[WHAT THIS TASK INVOLVES]
Reproduce every entry below exactly, minus the pictures.

..........

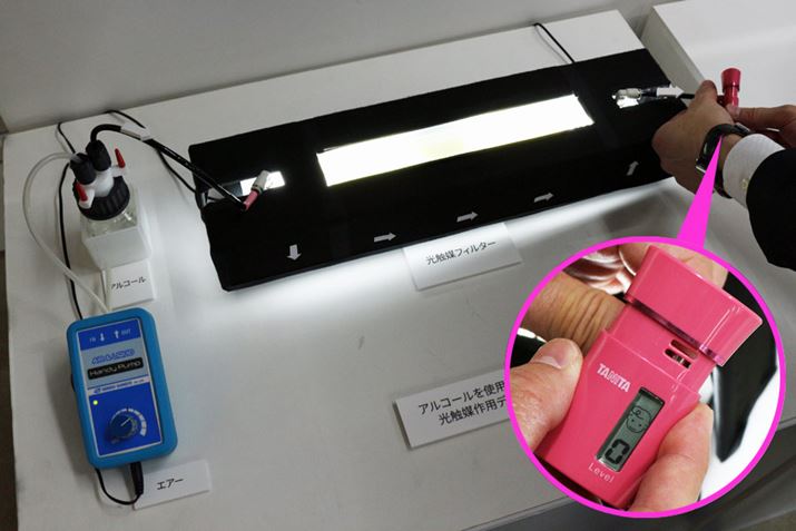 写真の装置は、アルコールのニオイを光触媒がどれほど分解できるかを実験するもの。光触媒の作用により、ブレスチェッカーの数値はニオイがしない「0」になりました
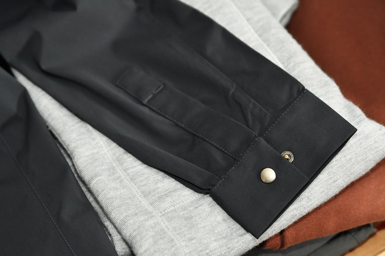 ストレッチをする薄手のソフトシェル生地 左胸にファスナー付きポケット(ベンチレーション機能兼務) 袖はボタンを留めると半袖で使用出来る2WAY仕様
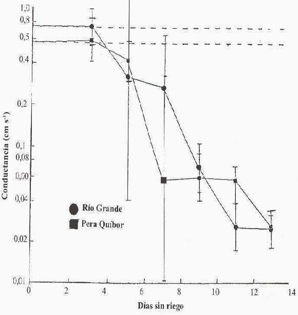 En la Figura 3 se presentan los valores de la gs durante el período de DH para los dos variedades; observando que su disminución comienza al 3er d en ambas variedades; las tendencias son semejantes y las desviaciones estándares se superponen particularmente al 5to d para RG (Ywf -0,63 MPa) y 7mo d para PQ (Ywf -0,50 MPa) en los cuales se presenta una muy elevada desviación estándar.
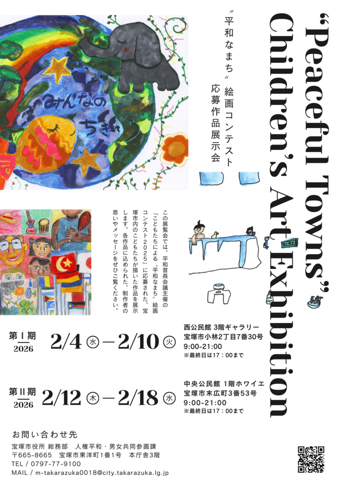 この展覧会では、平和首長会議主催の「こどもたちによる“平和なまち”絵画コンテスト2025」に応募された、宝塚市内のこどもたちが描いた作品を展示します。
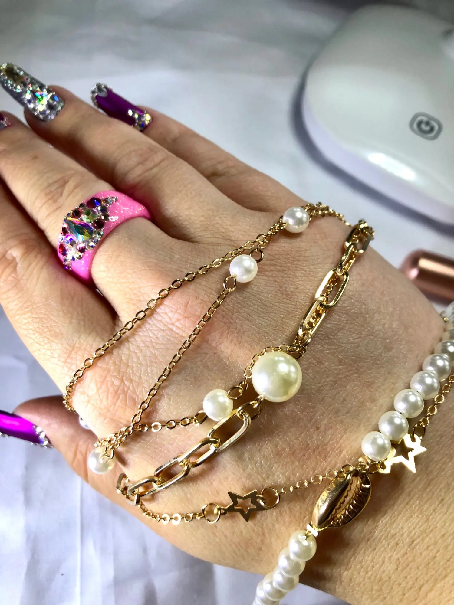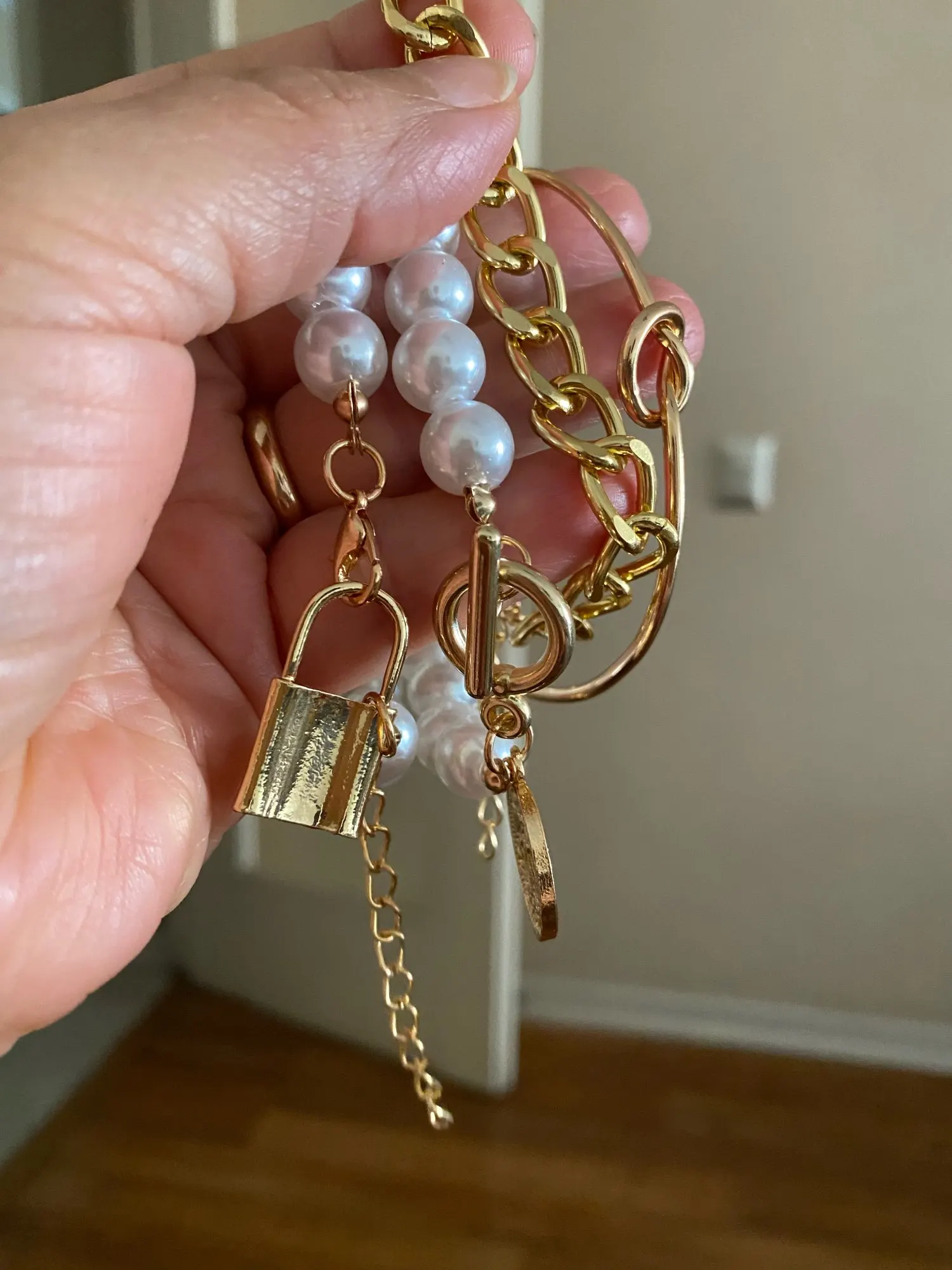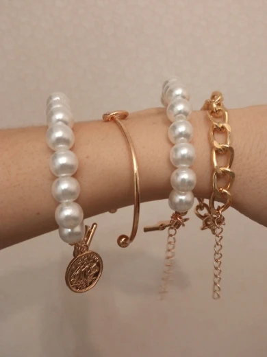 В принципе за такую то цену, неплохо. Цепь и браслетик с узлом зачётные. А два браслета с жемчужинами мне не понравились. Выглядят совсем простенько, дёшево (на фото они смотрятся гораздо лучше, чем в жизни). Их я наверное подарю дочке друзей)
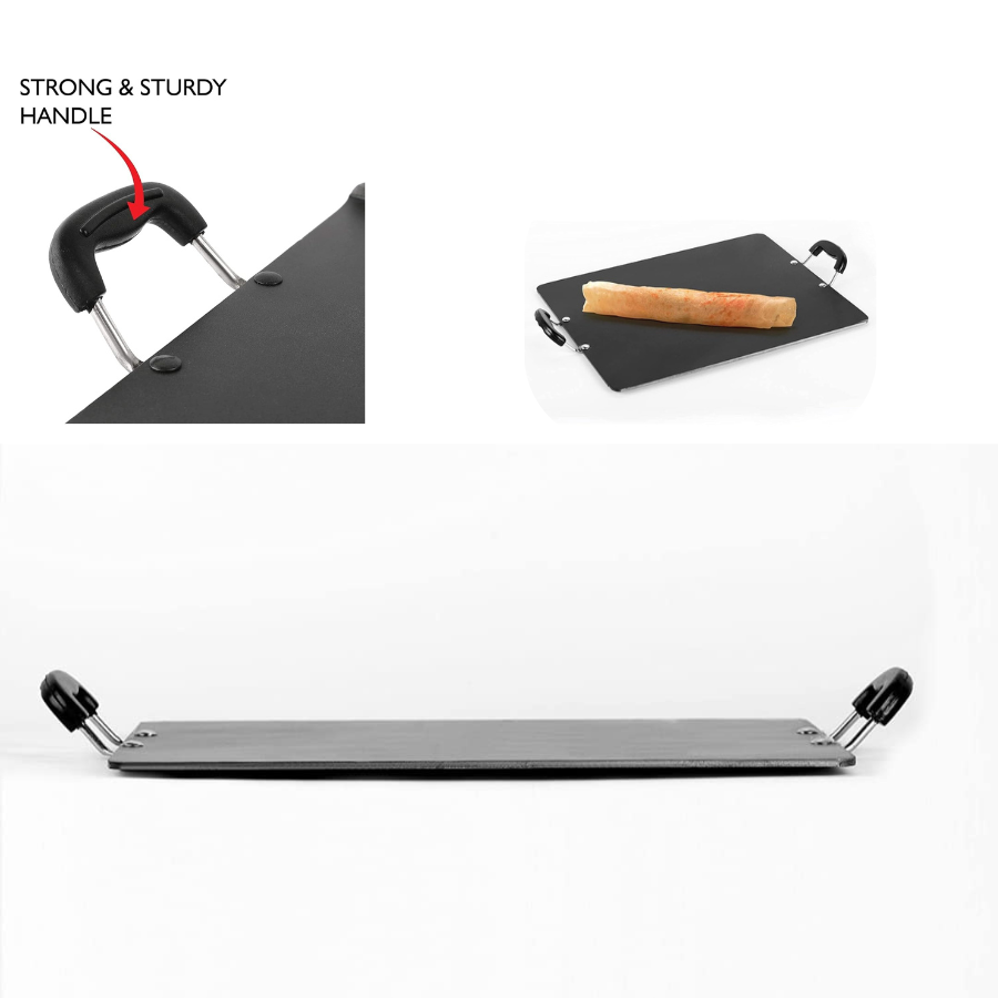 The Mahendraa Non-Stick Pathri Tawa is a high-quality, heavy-gauge flat cookware designed for preparing pathri, dosa, chapati, pizza, paratha, and other flatbreads with ease. Built with a durable 5.0mm thick body, it ensures even heat distribution for perfectly cooked results. Its superior non-stick coating allows for oil-free cooking, healthier meals, and effortless cleaning. Equipped with strong, heat-resistant handles, this tawa is perfect for everyday kitchen use.
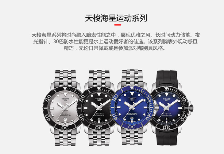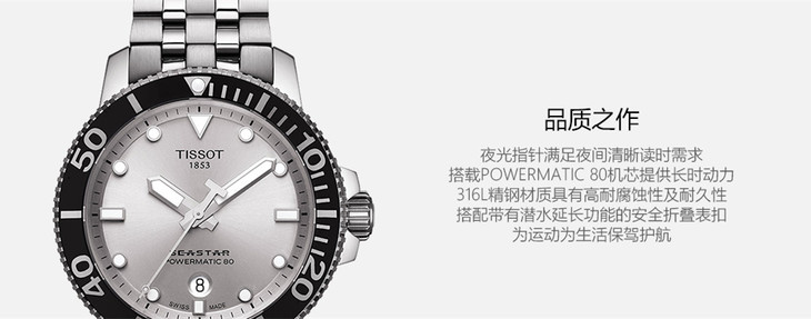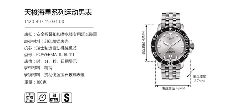 | 防水 | 300 m | 表带 | 精钢表链 安全折叠扣和潜水服专用延长装置 |
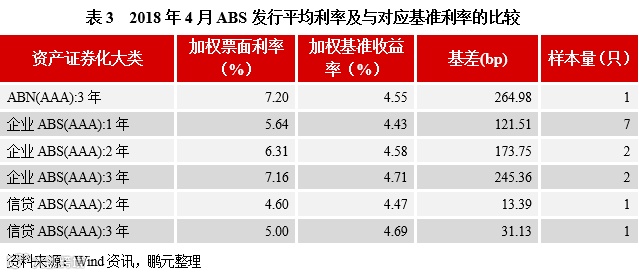 ABN中,三年期优先级AAA级样本为1期,发行利率为7.2%,比三年期企业债(AAA)高264.98bp。
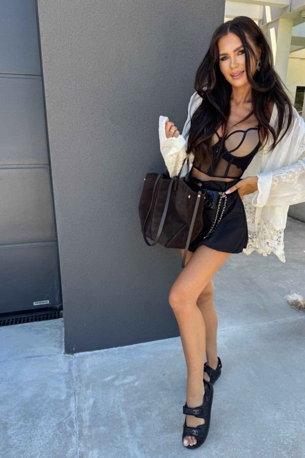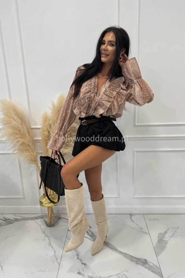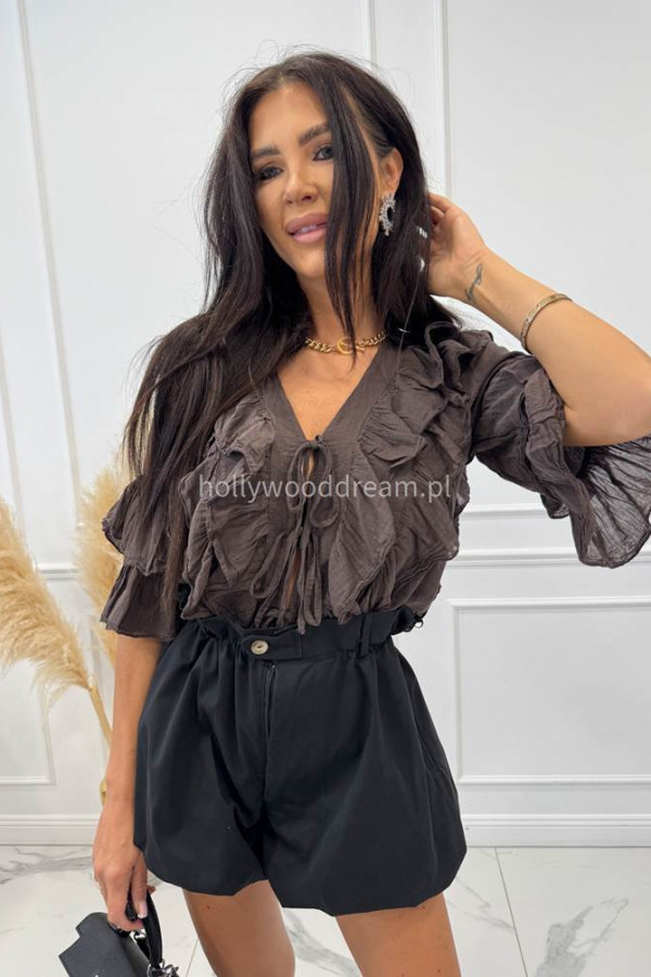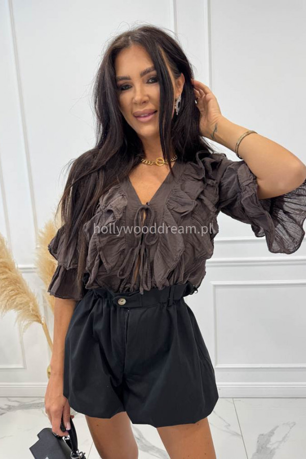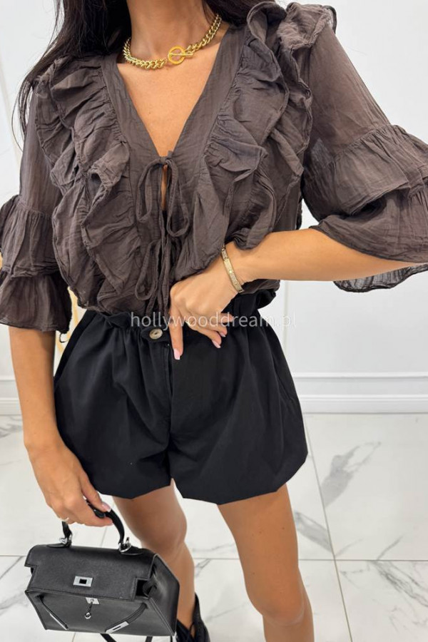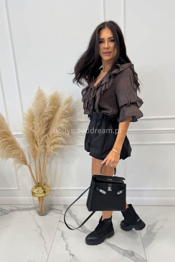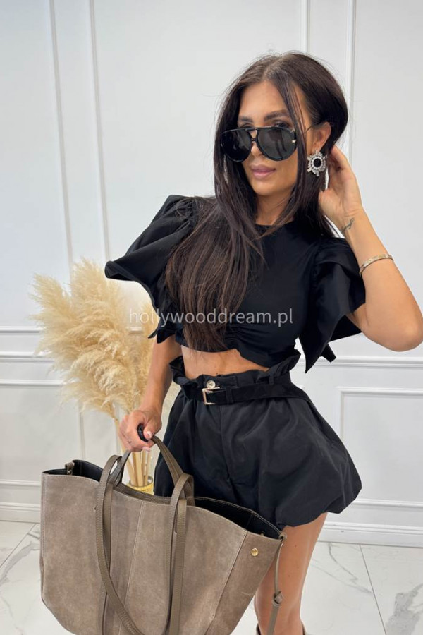Spodenki krótkie bombka JULIETTA czarne to modna alternatywa dla klasycznych szortów. Ich delikatnie zaokrąglony, lekko bufiasty krój pięknie modeluje sylwetkę i nadaje stylizacji kobiecego, nowoczesnego charakteru.Wykonane z lekkiego, komfortowego materiału, idealnie sprawdzą się w cieplejsze dni. Czarny kolor to ponadczasowa baza, którą łatwo zestawisz zarówno z elegancką bluzką, jak i sportowym T-shirtem. Elastyczna talia zapewnia wygodę i świetne dopasowanie.

..........

[EXERCISE SOLUTION]
 写真の装置は、アルコールのニオイを光触媒がどれほど分解できるかを実験するもの。光触媒の作用により、ブレスチェッカーの数値はニオイがしない「0」になりました
 ストレッチをする薄手のソフトシェル生地 左胸にファスナー付きポケット(ベンチレーション機能兼務) 袖はボタンを留めると半袖で使用出来る2WAY仕様
 En la Figura 3 se presentan los valores de la gs durante el período de DH para los dos variedades; observando que su disminución comienza al 3er d en ambas variedades; las tendencias son semejantes y las desviaciones estándares se superponen particularmente al 5to d para RG (Ywf -0,63 MPa) y 7mo d para PQ (Ywf -0,50 MPa) en los cuales se presenta una muy elevada desviación estándar.
 この展覧会では、平和首長会議主催の「こどもたちによる“平和なまち”絵画コンテスト2025」に応募された、宝塚市内のこどもたちが描いた作品を展示します。
 В принципе за такую то цену, неплохо. Цепь и браслетик с узлом зачётные. А два браслета с жемчужинами мне не понравились. Выглядят совсем простенько, дёшево (на фото они смотрятся гораздо лучше, чем в жизни). Их я наверное подарю дочке друзей)
 The Mahendraa Non-Stick Pathri Tawa is a high-quality, heavy-gauge flat cookware designed for preparing pathri, dosa, chapati, pizza, paratha, and other flatbreads with ease. Built with a durable 5.0mm thick body, it ensures even heat distribution for perfectly cooked results. Its superior non-stick coating allows for oil-free cooking, healthier meals, and effortless cleaning. Equipped with strong, heat-resistant handles, this tawa is perfect for everyday kitchen use.
 | 防水 | 300 m | 表带 | 精钢表链 安全折叠扣和潜水服专用延长装置 |
 ABN中,三年期优先级AAA级样本为1期,发行利率为7.2%,比三年期企业债(AAA)高264.98bp。
Spodenki krótkie bombka JULIETTA czarne to modna alternatywa dla klasycznych szortów. Ich delikatnie zaokrąglony, lekko bufiasty krój pięknie modeluje sylwetkę i nadaje stylizacji kobiecego, nowoczesnego charakteru.Wykonane z lekkiego, komfortowego materiału, idealnie sprawdzą się w cieplejsze dni. Czarny kolor to ponadczasowa baza, którą łatwo zestawisz zarówno z elegancką bluzką, jak i sportowym T-shirtem. Elastyczna talia zapewnia wygodę i świetne dopasowanie.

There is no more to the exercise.